Monday, July 23, 2012

Mosaih 11


In verse2 King Noah is described as walking after the desires of his own heart. This is something I was thinking about in the shower today. I often think about what type of person I want to be, especially in specific situations that I find challenging. Instead, I realized today, I need to ALWAYS be worried about what kind of person He wants me to be. I think if I can concentrate on that, it will solve the problem anyway. But no matter what, this reaffirmed for me that line of thinking.

I can’t believe 1/5 was considered such a huge tax at the time. Did the kings really take nothing before this? How did they have time to make a living and be king? I guess you’d really only get men who wanted to serve. And it still works that way for school boards and some government things like that I suppose.
In verse 5 laziness is in the list with idolatry and whoredomes. Not being lazy has seemed like a really important thing to teach myself, and my kids, lately. That’ probably why this stands out to me, but it does feel really important. I’m grateful for the Lord’s help in showing me ways to teach my kids to work without just fighting them about it.

Building the towers to look around was a good strategic plan. It goes to show that just because someone is doing bad things and making bad choices doesn’t mean every thought or idea they have is wrong. That can be hard for me to remember. But the tower saved them later, and it was King Noah who had it built.
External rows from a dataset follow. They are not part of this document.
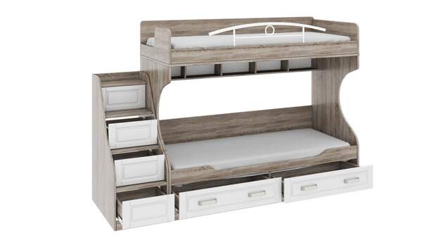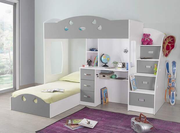Отличный вариант — модели, оборудованные комодами, выдвижными ящиками, где можно хранить различные мелочи: игрушки, белье, обувь, одежду. Это позволяет содержать комнату в чистоте. Внизу (под спальным местом) будет расположена игровая или рабочая зона. Можно поставить здесь письменный стол, шкаф. При выборе модели надо учитывать рост ребенка и расстояние от пола до верхнего яруса.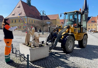Neben der schönen Osterdekoration und den Frühblühern in der Innenstadt ist der Kreisverkehr wieder zu einem „Hingucker“ geworden. Die Kreativität des Städtischen Bauhofs lässt keine Wünsche offen und jedes Jahr wird eine neue Idee umgesetzt. Alle Einwohner, Besucher und auch die Vorbeifahrenden können sich daran erfreuen. Ein großes Dankeschön dafür.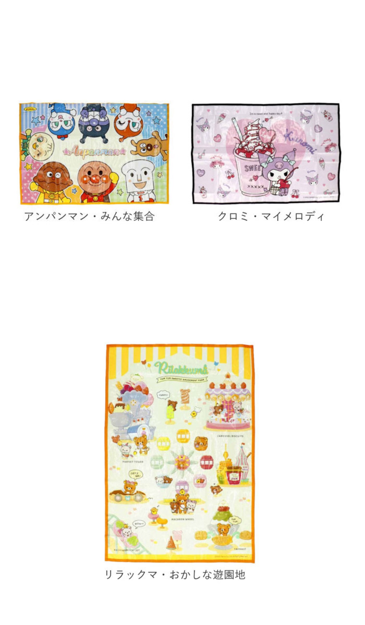 ・お子さまに人気のキャラクターが大集合!可愛いレジャーシート(Sサイズ)が発売。

I think even in modern times a man who went around preaching that the enemy was going to win, as Abinidi did, would make people mad and be considered a traitor. Satan can so easily trick us into being angry about things we should be humble about. It is so important to keep the Spirit with us and again, consider what the Lord wants and ask Him what his ways are, before we react to things. So often we are mad about the wrong things or take offense where there is none to take. I’m grateful for a kind Father who gently shows me when to calm down and where the truth lies.